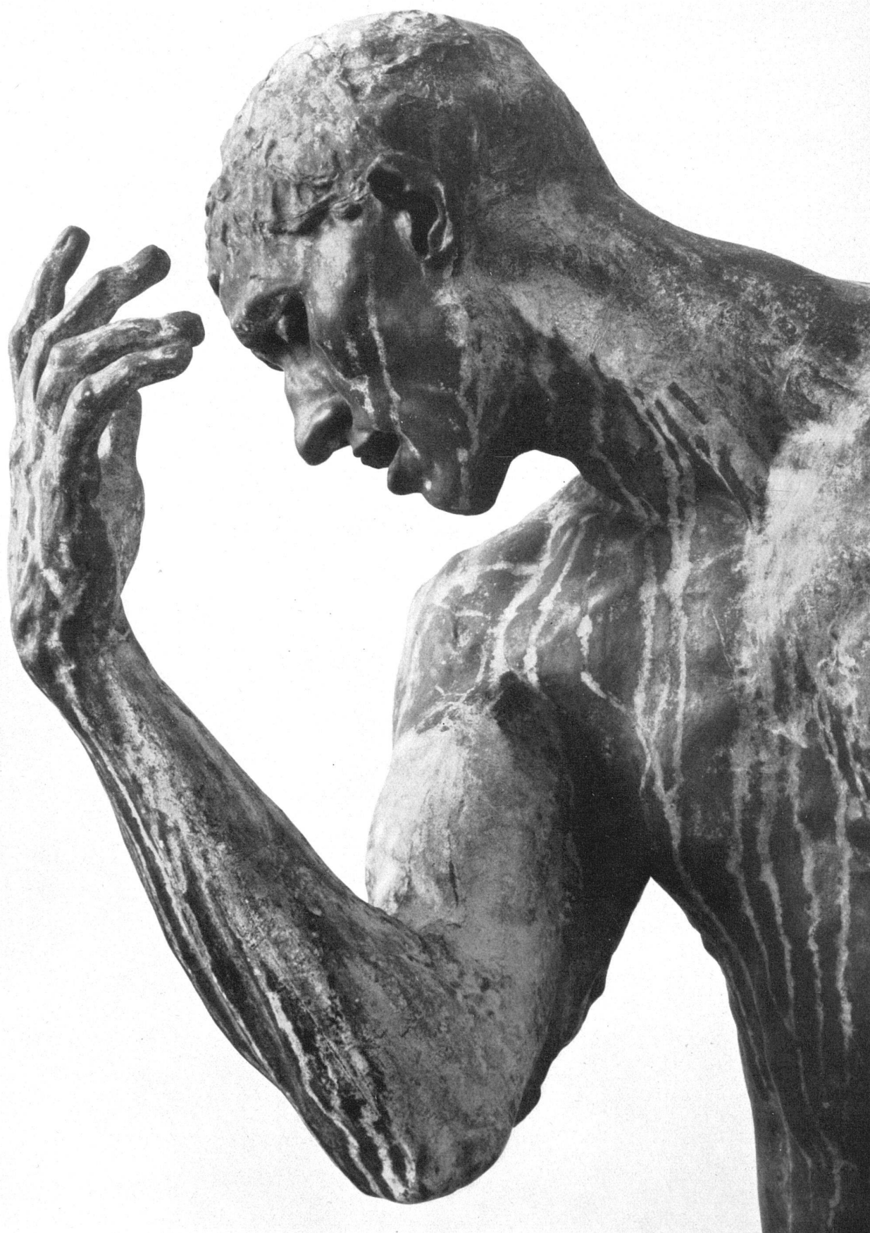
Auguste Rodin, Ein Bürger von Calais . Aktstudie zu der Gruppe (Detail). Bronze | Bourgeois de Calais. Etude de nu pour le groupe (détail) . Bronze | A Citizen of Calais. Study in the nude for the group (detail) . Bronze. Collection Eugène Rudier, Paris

........

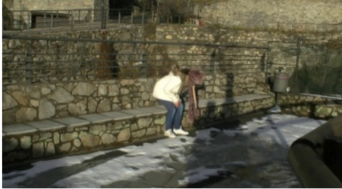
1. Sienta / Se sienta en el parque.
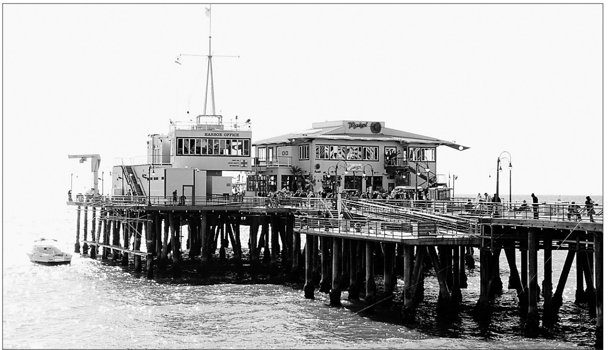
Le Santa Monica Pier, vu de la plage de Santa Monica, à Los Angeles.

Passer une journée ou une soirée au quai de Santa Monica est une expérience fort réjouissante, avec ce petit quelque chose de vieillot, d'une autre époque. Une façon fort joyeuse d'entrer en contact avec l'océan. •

........

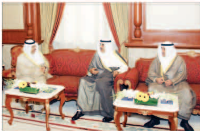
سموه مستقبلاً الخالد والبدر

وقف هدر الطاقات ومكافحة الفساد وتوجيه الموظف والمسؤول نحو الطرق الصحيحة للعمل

........

▸ **EXERCISE OBJECTIVE**
Only one part of the material above is to be transcribed, namely the lines starting with the line that has "سموه مستقبلاً الخالد والبدر" and going on through the line that has "وقف هدر الطاقات", exactly as they stand.

▸ **EXERCISE OUTPUT**
سموه مستقبلاً الخالد والبدر

وقف هدر الطاقات ومكافحة الفساد وتوجيه الموظف والمسؤول نحو الطرق الصحيحة للعمل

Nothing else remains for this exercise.